(Records from a data collection)
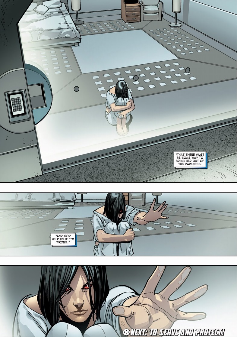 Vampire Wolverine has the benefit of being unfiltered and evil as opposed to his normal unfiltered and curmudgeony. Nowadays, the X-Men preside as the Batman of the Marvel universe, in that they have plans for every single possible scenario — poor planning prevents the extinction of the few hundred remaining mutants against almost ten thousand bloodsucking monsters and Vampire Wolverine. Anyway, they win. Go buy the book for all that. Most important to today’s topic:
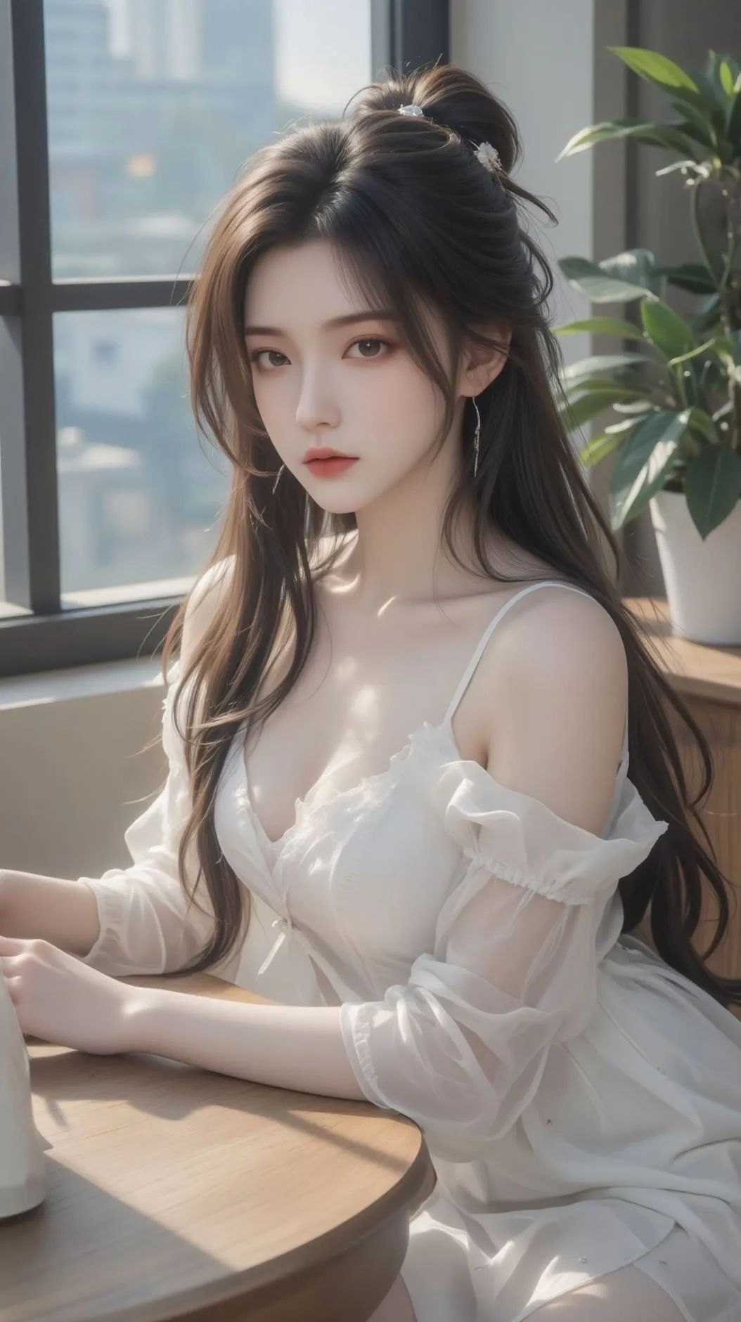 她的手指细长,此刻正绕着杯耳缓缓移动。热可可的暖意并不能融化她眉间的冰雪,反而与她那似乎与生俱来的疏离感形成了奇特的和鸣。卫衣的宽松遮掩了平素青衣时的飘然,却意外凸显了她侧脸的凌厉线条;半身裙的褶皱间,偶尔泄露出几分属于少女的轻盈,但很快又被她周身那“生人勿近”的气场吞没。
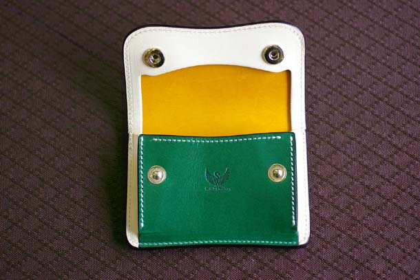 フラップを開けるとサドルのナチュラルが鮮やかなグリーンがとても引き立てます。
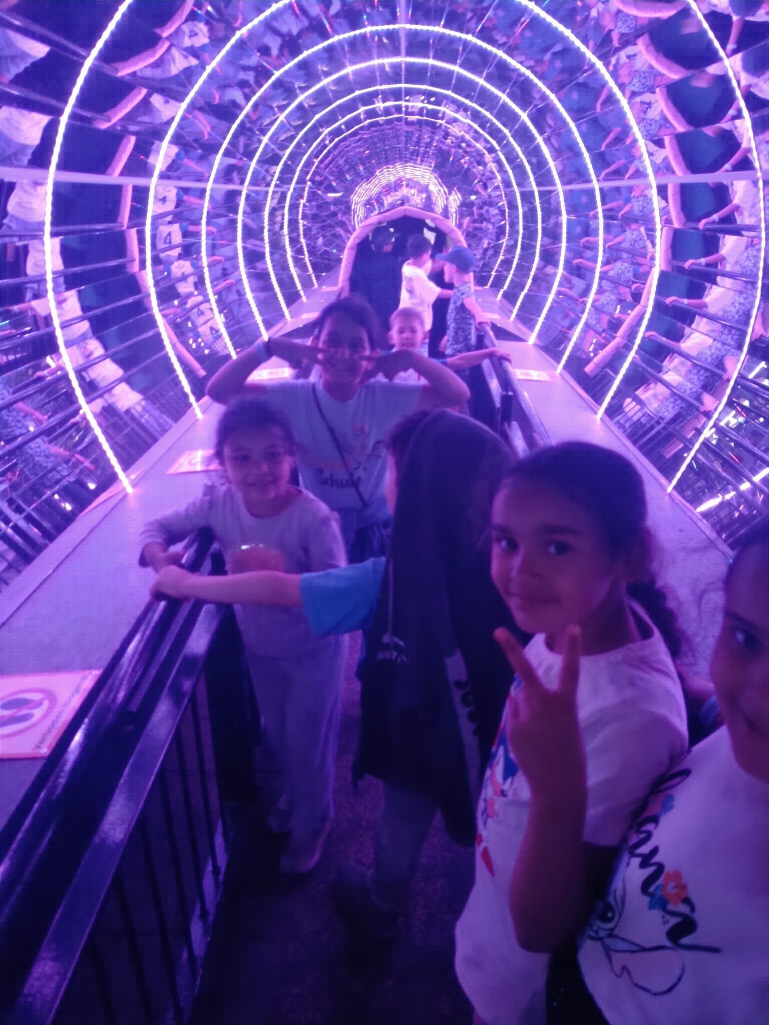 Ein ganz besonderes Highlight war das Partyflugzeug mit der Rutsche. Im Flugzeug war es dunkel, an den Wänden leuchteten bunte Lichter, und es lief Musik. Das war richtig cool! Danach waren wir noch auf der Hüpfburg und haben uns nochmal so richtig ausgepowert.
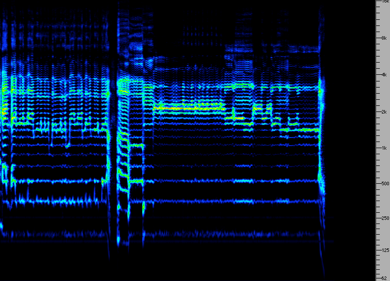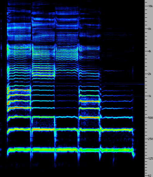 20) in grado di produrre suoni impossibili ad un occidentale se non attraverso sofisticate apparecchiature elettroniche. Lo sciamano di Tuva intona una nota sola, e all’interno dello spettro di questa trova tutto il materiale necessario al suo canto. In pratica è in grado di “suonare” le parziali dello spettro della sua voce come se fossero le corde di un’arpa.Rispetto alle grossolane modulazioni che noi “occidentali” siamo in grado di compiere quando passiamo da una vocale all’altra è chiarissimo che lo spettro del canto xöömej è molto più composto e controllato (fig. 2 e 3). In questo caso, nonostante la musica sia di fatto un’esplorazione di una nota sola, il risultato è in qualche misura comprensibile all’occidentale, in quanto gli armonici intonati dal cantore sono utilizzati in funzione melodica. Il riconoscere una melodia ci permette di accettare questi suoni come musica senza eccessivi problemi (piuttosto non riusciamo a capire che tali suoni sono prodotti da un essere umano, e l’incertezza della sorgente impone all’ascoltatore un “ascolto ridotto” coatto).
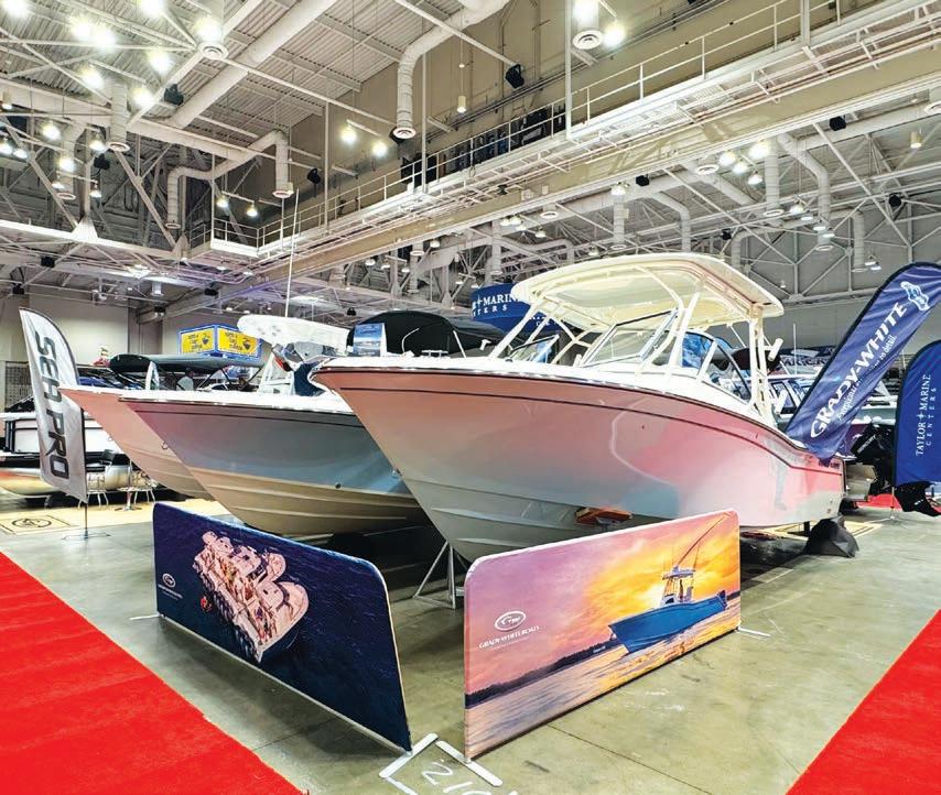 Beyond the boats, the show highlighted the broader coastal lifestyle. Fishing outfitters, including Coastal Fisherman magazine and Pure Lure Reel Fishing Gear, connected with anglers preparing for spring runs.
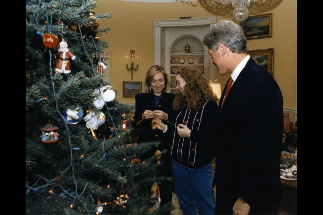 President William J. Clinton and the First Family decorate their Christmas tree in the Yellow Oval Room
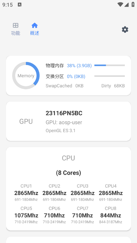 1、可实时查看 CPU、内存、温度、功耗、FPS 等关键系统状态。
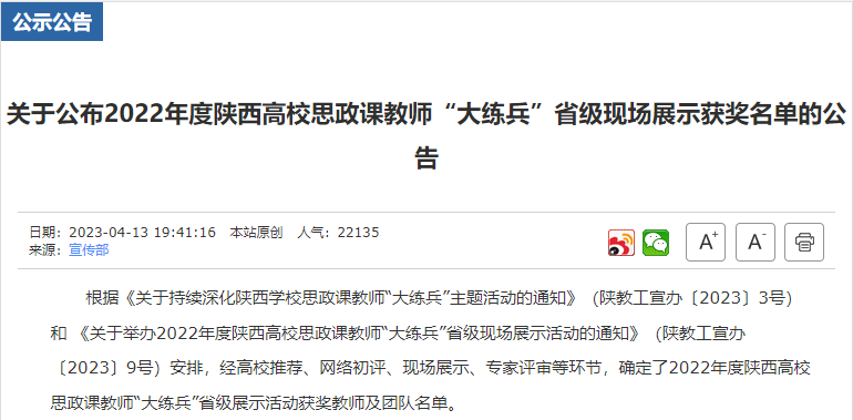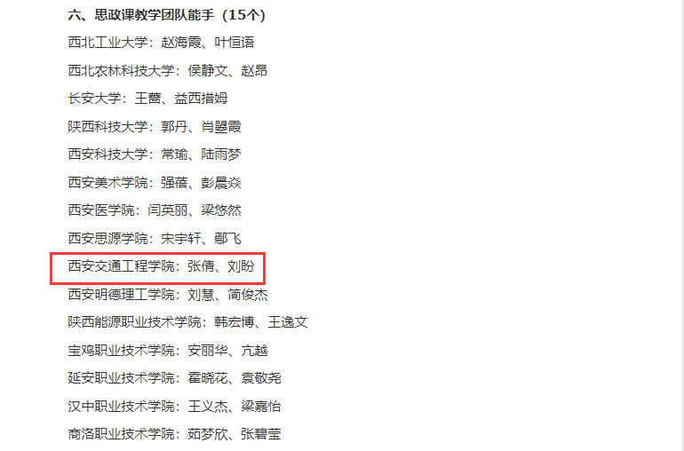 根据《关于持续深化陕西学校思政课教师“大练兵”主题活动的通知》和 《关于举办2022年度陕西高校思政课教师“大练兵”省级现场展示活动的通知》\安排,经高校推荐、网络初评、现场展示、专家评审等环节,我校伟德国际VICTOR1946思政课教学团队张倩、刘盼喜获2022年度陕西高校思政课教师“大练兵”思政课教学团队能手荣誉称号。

Exercise details: Pictures aside, print exactly the lines above starting with the one containing "她的手指细长,此刻正绕着杯耳" and going on through the one containing "Ein ganz besonderes".

Problem solution:
 她的手指细长,此刻正绕着杯耳缓缓移动。热可可的暖意并不能融化她眉间的冰雪,反而与她那似乎与生俱来的疏离感形成了奇特的和鸣。卫衣的宽松遮掩了平素青衣时的飘然,却意外凸显了她侧脸的凌厉线条;半身裙的褶皱间,偶尔泄露出几分属于少女的轻盈,但很快又被她周身那“生人勿近”的气场吞没。
 フラップを開けるとサドルのナチュラルが鮮やかなグリーンがとても引き立てます。
 Ein ganz besonderes Highlight war das Partyflugzeug mit der Rutsche. Im Flugzeug war es dunkel, an den Wänden leuchteten bunte Lichter, und es lief Musik. Das war richtig cool! Danach waren wir noch auf der Hüpfburg und haben uns nochmal so richtig ausgepowert.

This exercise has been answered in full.